Hodgkin’s lymphoma (HL) is a highly curable haematological malignancy with an overall survival (OS) in the early stages of around 90 % with modern first-line therapies.1 In patients being diagnosed in advanced stages, the survival rate for 10-year OS is only above 50 %.2 Despite advances in the treatment of HL, patients having refractory or relapsed (RR) disease still have a poor prognosis.3

Standard Therapy for Relapsed Hodgkin’s Lymphoma
Patients having primary RR disease nowadays remain a clinical challenge. Autologous stem cell transplantation (ASCT) is considered the standard of care for patients having relapsed chemosensitive disease. Two randomised trials showed significant benefit in terms of freedom from treatment failure (FFTF) for ASCT over conventional chemotherapy (CT) in this group of patients.4,5 These trials have resulted in the recommendation of ASCT at the time of first relapse for even the most favourable of patients, though salvage radiotherapy (RT) can offer an effective treatment for selected subsets.
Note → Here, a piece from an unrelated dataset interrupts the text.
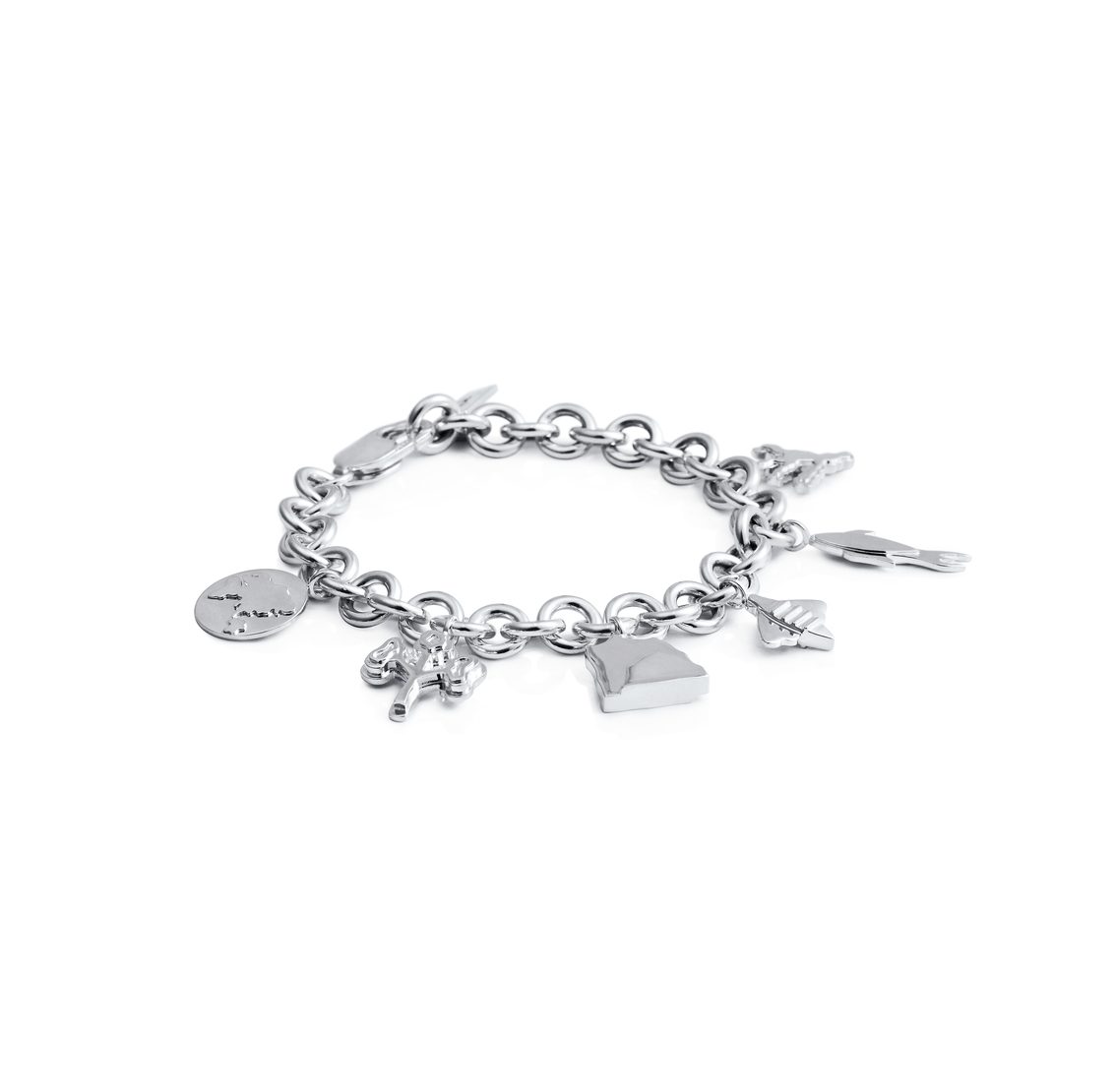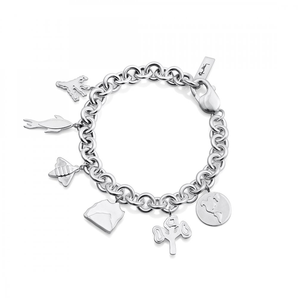Kraftigt armband i sterlingsilver med hängande symboler i form av jordglob, träden i Amazonas, Antarktis isberg, bi, fisk och korallrev.

Patients with HL who relapse after an ASCT have a very poor long-term outcome; there is little information about prognostic factors in this setting. A retrospective analysis of the Lymphoma Working Party (LWP) of the European Group for Blood and Marrow Transplantation (EBMT) and Gruppo Italiano Trapianto di Midollo Osseo (GITMO),6 including 511 adult patients having relapsed HL after ASCT, indicated that after a median follow-up of 49 months, these patients’ OS was 32 % at 5 years; independent risk factors for OS were early relapse after ASCT, stage IV disease and bulky disease at the time of relapse, poor performance status and age ≥50 years. For patients having no risk factors, OS at 5 years was 62 % compared with 37 % and 12 % for those having 1 and ≥2 factors, respectively. Relapsed disease after ASCT represents a clear unmet need. Therapeutic options in this subgroup of patients are heterogeneous and include salvage CT or RT (regardless of whether followed by a second SCT), palliative care, new drugs and biological agents. High-dose CT supported by allogeneic SCT (allo-SCT) is a suitable approach for young and fit patients having chemosensitive disease and who have an human leukocyte antigen (HLA)-compatible donor available. A broad spectrum of evidence supports the existence of a potentially beneficial graft versus HL, with those patients developing chronic graft versus host disease (GvHD) presenting with significantly lower relapse rates after transplantation. Patients relapsing more than 3 years after a first ASCT might be suitable for a second ASCT.7 Patients with relapsed disease after an allo-SCT represent a major clinical challenge, with no standard of care.

Brentuximab Vedotin
Brentuximab vedotin (BV) (previously known as SNG-35 [Seattle Genetics, WA, US]) is an antibody drug conjugate (ADC) that selectively delivers monomethylauristatin E (MMAE), a very potent antimicrotubule agent, into CD30-expressing cells. Binding MMAE to tubulin disrupts the microtubule network within the cell, subsequently inducing cell-cycle arrest and apoptosis.8 On 19 August 2011, the US Food and Drug Administration (FDA) granted accelerated approval of BV for two indications in patients having HL: patients who fail an ASCT procedure or patients in whom ASCT is not an option after failure of at least two prior multi-agent CT regimens. In addition, BV is also approved in patients having another CD30 positive malignancy, systemic anaplastic large cell lymphoma (sALCL), after failure of at least one prior multi-agent CT protocol.9

Brentuximab Vedotin – Results of Pivotal Phase I/II Prospective Clinical Trials
Two phase I dose-escalation single-arm open-label trials have been published in patients having RR CD30 positive malignancies. The SG035-0001 trial administered BV every 3 weeks,8 whereas SG035-0002 trial administered the drug weekly.10 These trials explored the safety, maximum-tolerated dose (MTD) and dosing the drug once a week and every 3 weeks. Compelling clinical results with a tumour regression percentage of around 85 % were found. The interesting results seen in the phase I trial led to the development of two phase II trials, one of them evaluating the efficacy and safety of BV in patients having RR HL failing an ASCT.11 A total of 102 patients were treated with BV 1.8 mg/ kg by intravenous infusion every 3 weeks. In the absence of disease progression or prohibitive toxicity, patients received a maximum of 16 cycles. The primary endpoint was the overall objective response rate (ORR) determined by an independent radiology review facility – 75 %, with complete remission (CR) in 34 % of patients. The median progression-free survival (PFS) time for all patients was 5.6 months, and the median duration of response for those in CR was 20.5 months. The most common treatment-related adverse events were peripheral sensory neuropathy, nausea, fatigue, neutropenia and diarrhoea.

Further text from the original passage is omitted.